At this point, video is just a regular part of the web. But how is it gaining on regular TV watching. Just in terms of audience reach, Nielsen estimates that almost 145 million people watch video online in the U.S., compared to about 290 million who watch traditional TV. So the penetration of online video is already about half of the overall TV-watching population.
Yet for all the video people watch on the web, it is still a tiny fraction of how much they watch on TV in terms of time spent. In a report put out yesterday on the State of the Media summarizing 2011 data, Nielsen estimates Americans spend an average of 32 hours and 47 minutes a week watching traditional TV. They only spend an average of 3 hours and 58 minutes a week on the Internet, and only 27 minutes a week watching video online. All those billions of videos watched online still only represent 1.4 percent of the time spent watching traditional TV.

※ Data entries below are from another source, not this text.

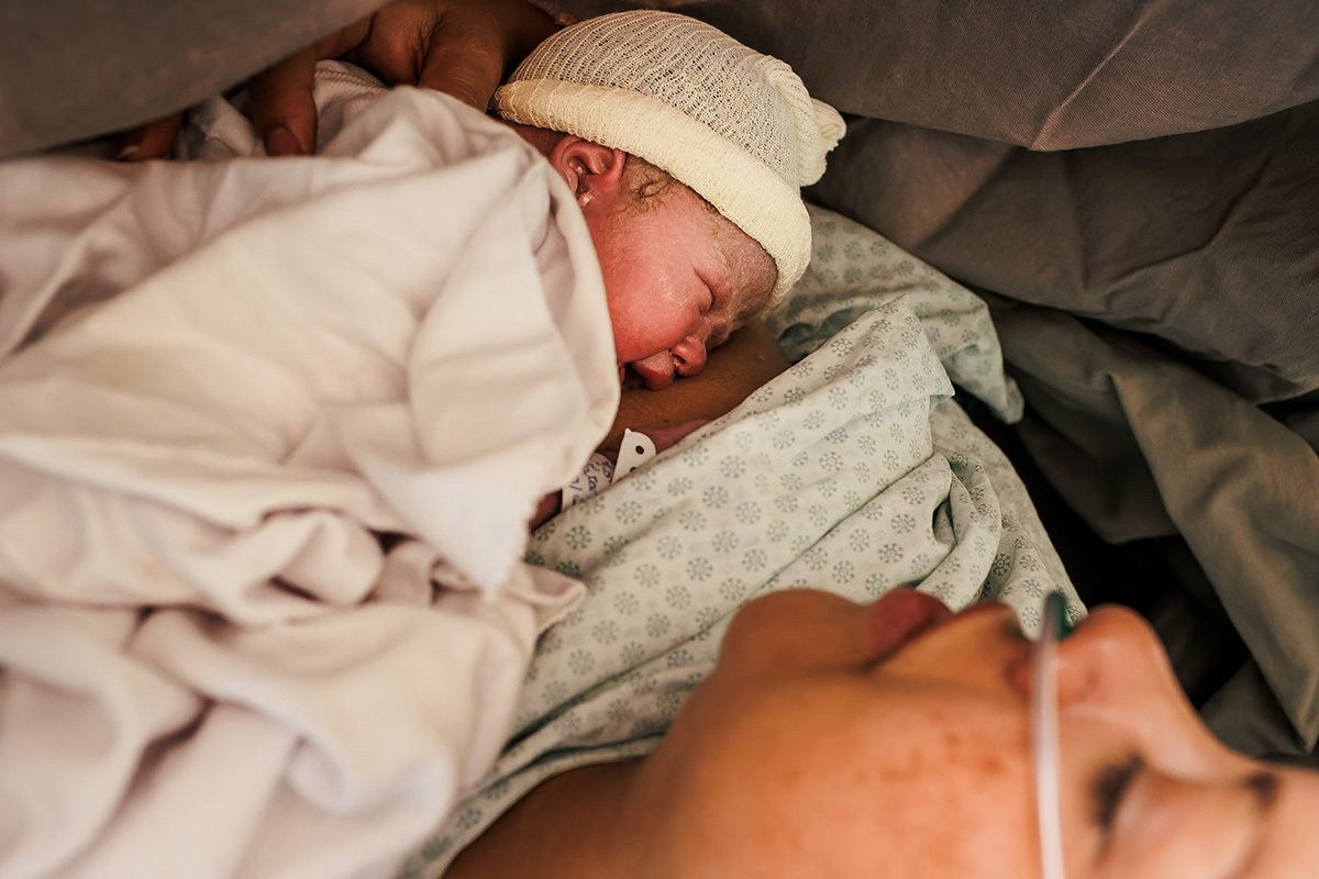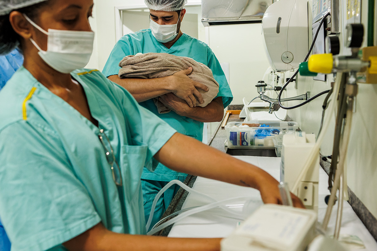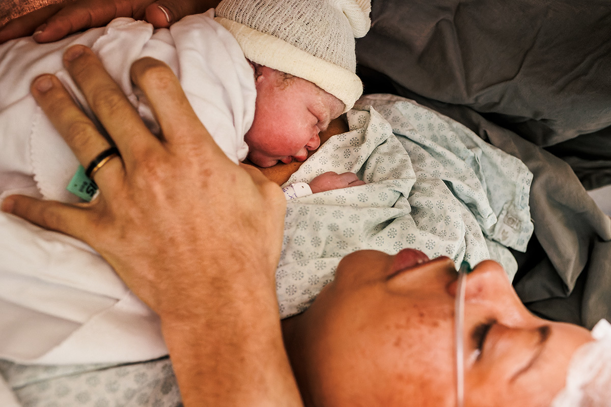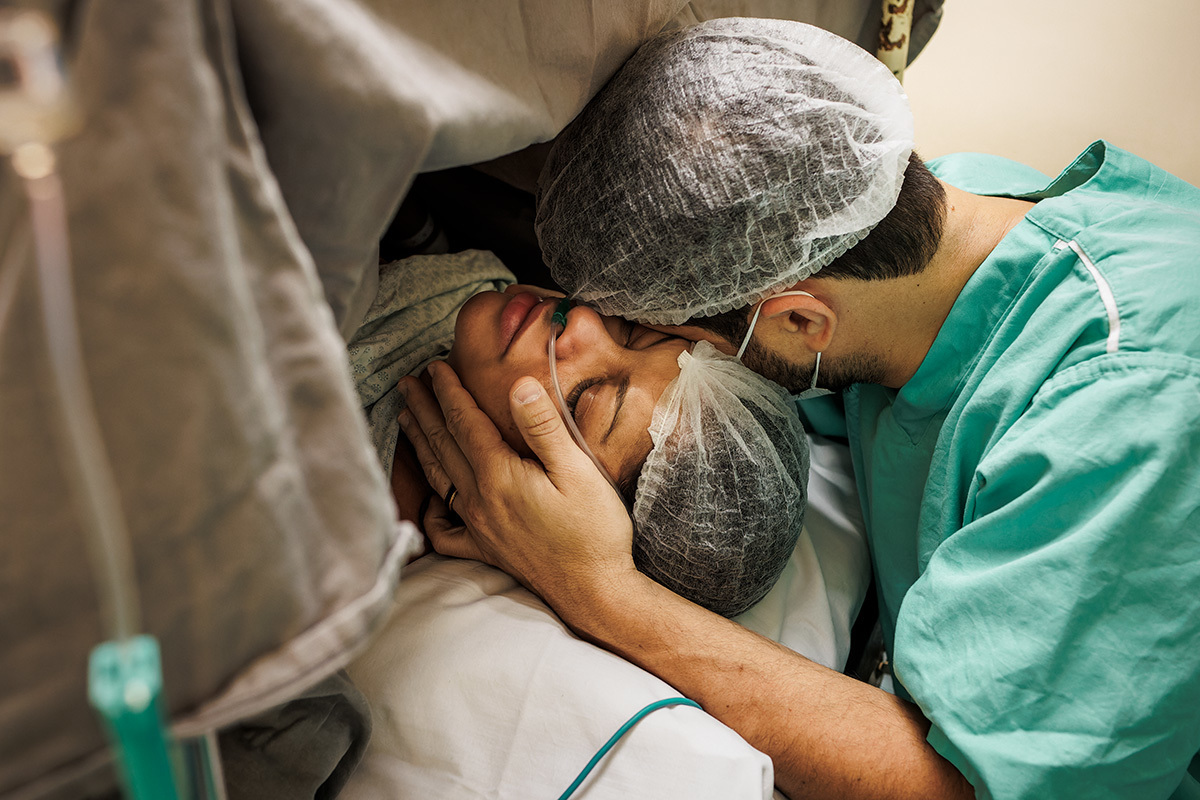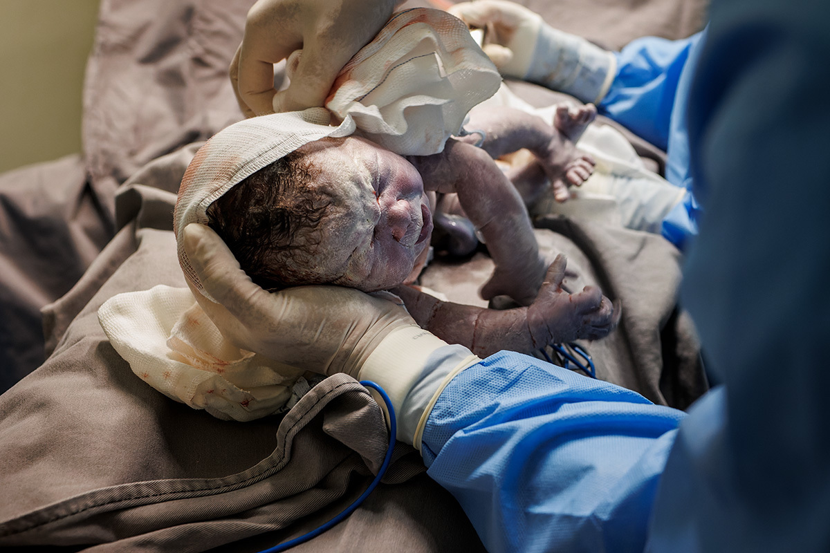 Ela desejava imagens somente do parto. A maternidade me permitiu começar a acompanhá-los quando o Francisco já estava quase sendo recebido. Pude ver a emoção dos dois ao conhecer o filho tão amado e esperado. Francisco, logo em seguida, teve que receber cuidados especiais devido a uma dificuldade respiratória. Eles pelo menos puderam desfrutar de um breve, mas lindo contato pele a pele. Um tempo curto, mas infinito ao mesmo tempo. O tempo de ter o filho pela primeira vez nos braços para se conhecerem e se sentirem. Um tempo importante para a Tata, mesmo se sentindo um pouco indisposta logo após o nascimento.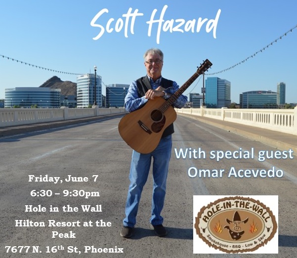 I’m back at the Hole in the Wall BBQ restaurant at the Hilton at the Peak this Friday. We are playing outside on the restaurant patio overlooking the pool and lazy river. It will be warm, but they do a good job with the misters and umbrellas, so come on out.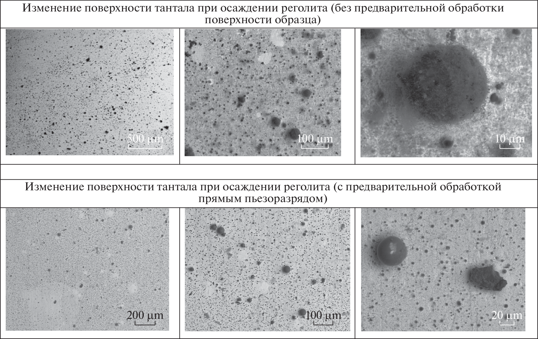 Experimental results are presented on deposition of charged particles that imitate the levitating dust of regolith (dusty plasma) on the Moon on metal plates. The experiment was based on the analogy between the physical–chemical properties of the processes that develop in regolith during microwave discharge excited by the radiation of a powerful gyrotron in the powder of regolith (lunar dust) and the processes that occur on the Moon during the bombardment of its surface by micrometeorites. The action is studied of the levitating dust cloud on plates made from molybdenum and tantalum with a size of 10 × 40 mm. The results are compared with the experiment on deposition of lunar dust on plates from stainless steel. It is shown that dust particles in the shape of spheroids of different sizes are deposited on the plates. The size distribution of these particles and their chemical composition are those of lunar regolith. It is found that the uniformity of dust deposition can be controlled by preliminary processing of the metal plates by the low-temperature plasma of a direct piezodischarge. It is shown that the levitating dust obtained under laboratory conditions (ensembles of charged regolith particles) can be used in imitation experiments on surface modification of different materials and in the development of methods for cleaning the space equipment during Moon missions.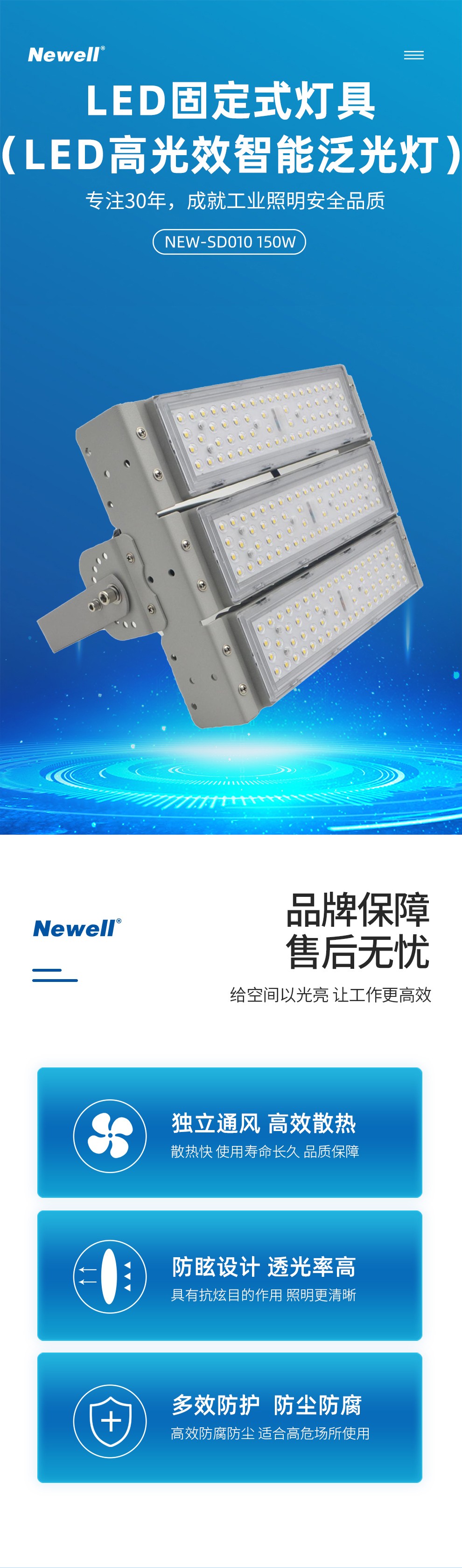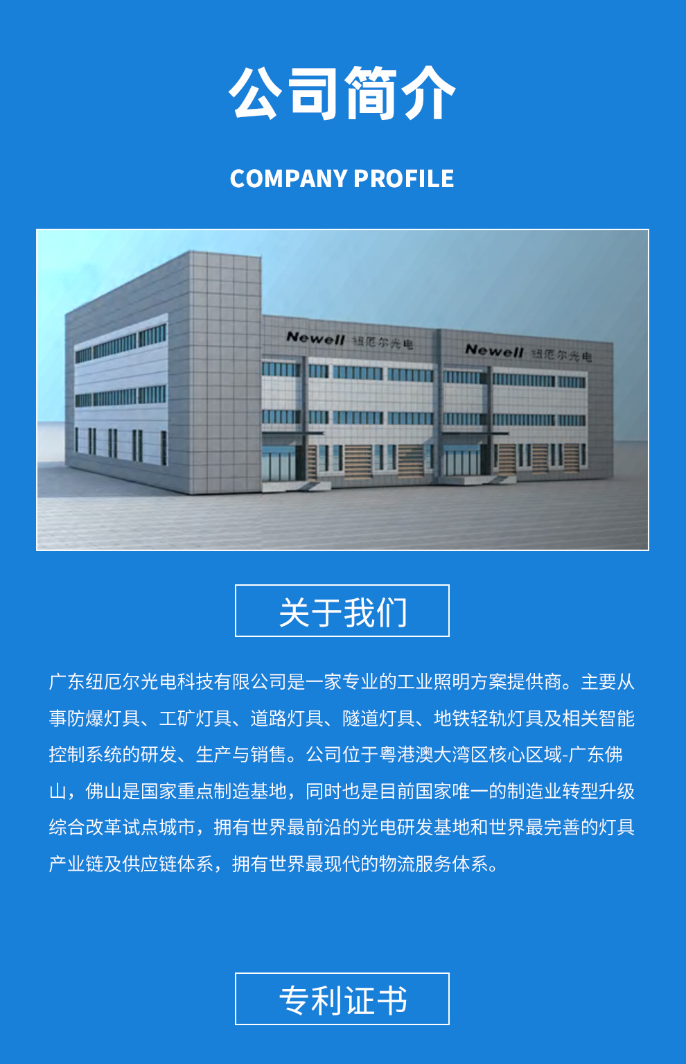 广东纽厄尔光电科技有限公司是一家专业的工业照明方案提供商。主要从事防爆灯具、工矿灯具、道路灯具、隧道灯具、地铁轻轨灯具及相关智能控制系统的研发、生产与销售。公司位于粤港澳大湾区核心区域-广东佛山,公司位于粤港澳大湾区核心区域-广东佛山,佛山是国家重点制造基地,同时也是目前国家唯一的制造业转型升级综合改革试点城市,拥有世界最前沿的光电研发基地和世界最完善的灯具产业链及供应链体系,拥有世界最现代的物流服务体系。公司通过了ISO9001质量体系认证、IS014001环境体系认证和OHSAS18001职业健康安全管理体系认证,同时获得CCC认证、节能认证以及CE、Atex、IECEX国际质量标准认证。产品广泛应用于石油、化工、冶金、电力、制造、场馆、广场、码头、道路、隧道、轨道交通等众多领域,并获得用户一致好评。同时作为国内多家知名灯具企业的OEM商,在业内享有较高声誉。公司先后荣获国家高新技术企业、广东省著名品牌、中国最具影响力灯具品牌、绿色节能环保产品、工程建设推荐产品、资信等级AAA企业、质量服务诚信AAA企业、诚信经营示范单位AAA企业、重合同守信用AAA企业等多项荣誉。公司产品遍布全国32个省、市、自治区,同时产品远销欧洲、非洲、中东、东南亚等多个国家。公司设立了华中、华北、华南、西南、海外五大运营中心,并配备优秀的运营团队,在相关的业务领域持续耕耘。同时在中国重庆、中国佛山创建了工业照明展示体验交流中心,为客户提供设计新颖、技术领先、品种齐全的工业照明产品场景展示,让客户能身临其境感受纽厄尔光电所提供的工业照明解决方案。纽厄尔光电本着“专业、专注、精益求精”的品牌精神,持续弘扬“艰苦奋斗、至诚守信、开拓创新、合作共赢”的理念,努力用光彩演绎世界。

In this light, online video still has a long way to go before it can hope to match the time spent in front of the TV in the living room. Except it’s not quite so simple. Remember, these are averages across the entire population and across the entire Internet. When you drill down into the watching patterns on the biggest video sites on the web, a different picture emerges.
Even on the web, there is a huge difference between the video sites which attract the biggest audiences and those which are the most engaging. The top 5 video sites by unique visitors are YouTube, Vevo, Yahoo, Facebook, and MSN. But the top 5 video sites by time spent are Netflix, YouTube, Tudou, Hulu, and Megavideo.
The real outlier in terms of time spent is Netflix, which boasts an average of 10 hours a month per viewer. Viewers spend about four times as much time on Netflix than on any of the other top 5 video sites, including Hulu. People tend to watch 2 hour movies on Netflix instead of 30-minute TV shows or 3-minute video clips, which explains the difference in time spent.
Compare the 10 hours on Netflix to about 130 hours a month for TV, based on the weekly numbers cited above. The gap is still huge, but not as vast as the average numbers between TV and online would suggest. And the number of hours spent on Netflix, Hulu, YouTube, and the other top video sites will continue to expand rapidly, narrowing that gap. How long will it take Netflix to go from 10 hours a month (the equivalent of 5 movies) to 20 hours or 50 hours?
When it comes to video, time spent is the best measure of audience attention. As the leading video sites command more and more of our time, advertisers and major media companies will notice. The more time we spend on these services, the better chance they will have to compete on an equal footing with cable TV channels. It is still early days, but once we are nearing an inflection point, and once we reach it, the video industry (both online and off) will change very rapidly.